要消除模型训练中的填充效果,可以在输入和损失函数上使用遮罩.可以使用layers.core.Masking在Keras中输入遮罩.在TensorFlow中,可以按以下步骤进行损失函数掩蔽: TensorFlow中的自定义掩蔽损失函数.

To eliminate the padding effect in model training, masking could be used on input and loss function. Mask input in Keras can be done by using layers.core.Masking. In TensorFlow, masking on loss function can be done as follows: custom masked loss function in TensorFlow.

但是,我找不到在Keras中实现它的方法,因为Keras中的用户定义的损失函数仅接受参数y_truey_pred.那么如何将真实的sequence_lengths输入到损失函数和掩码?

However, I don't find a way to realize it in Keras, since a user-defined loss function in Keras only accepts parameters y_true and y_pred. So how to input true sequence_lengths to loss function and mask?

此外,我在\keras\engine\training.py中找到了函数_weighted_masked_objective(fn).它的定义是

Besides, I find a function _weighted_masked_objective(fn) in \keras\engine\training.py. Its definition is

为目标函数添加了对掩盖和样本加权的支持.

Adds support for masking and sample-weighting to an objective function.

但是该函数似乎只能接受fn(y_true, y_pred).有没有办法使用此功能解决我的问题?

But it seems that the function can only accept fn(y_true, y_pred).
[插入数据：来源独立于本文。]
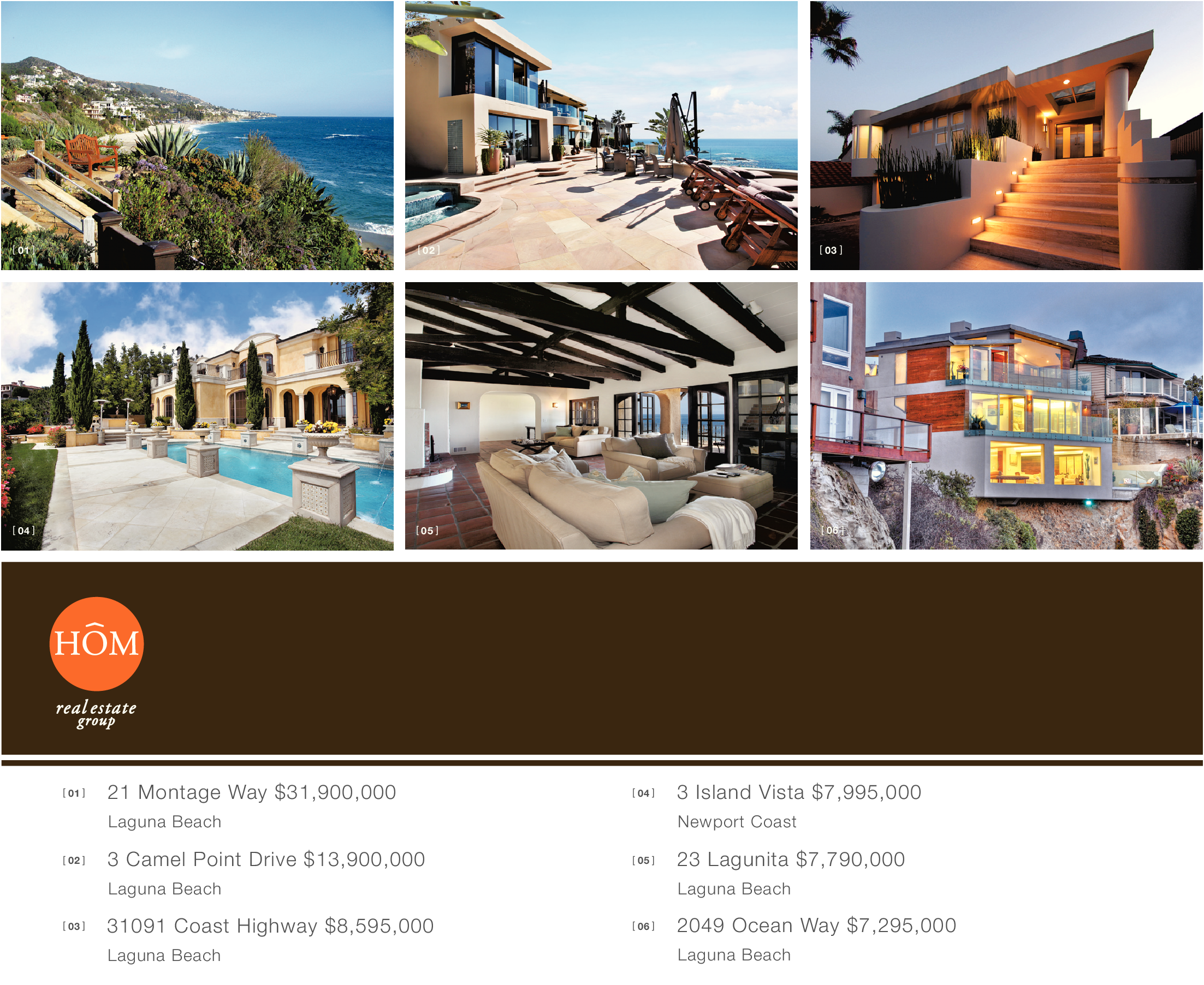 [ 01 ] [ 02 ] [ 03 ] [ 04 ] [ 05 ] [ 06 ] [ 01 ] [ 02 ] [ 03 ] 21 Montage Way $31,900,000 Laguna Beach 3 Camel Point Drive $13,900,000 Laguna Beach 31091 Coast Highway $8,595,000 Laguna Beach 3 Island Vista $7,995,000 Newport Coast [ 04 ] [ 05 ] [ 06 ] 23 Lagunita $7,790,000 Laguna Beach 2049 Ocean Way $7,295,000 Laguna Beach

Is there a way to use this function to solve my problem?

具体来说,我修改了Yu-Yang的示例.

To be specific, I modify the example of Yu-Yang.

from keras.models import Model
from keras.layers import Input, Masking, LSTM, Dense, RepeatVector, TimeDistributed, Activation
import numpy as np
from numpy.random import seed as random_seed
random_seed(123)

max_sentence_length = 5
character_number = 3 # valid character 'a, b' and placeholder '#'

input_tensor = Input(shape=(max_sentence_length, character_number))
masked_input = Masking(mask_value=0)(input_tensor)
encoder_output = LSTM(10, return_sequences=False)(masked_input)
repeat_output = RepeatVector(max_sentence_length)(encoder_output)
decoder_output = LSTM(10, return_sequences=True)(repeat_output)
output = Dense(3, activation='softmax')(decoder_output)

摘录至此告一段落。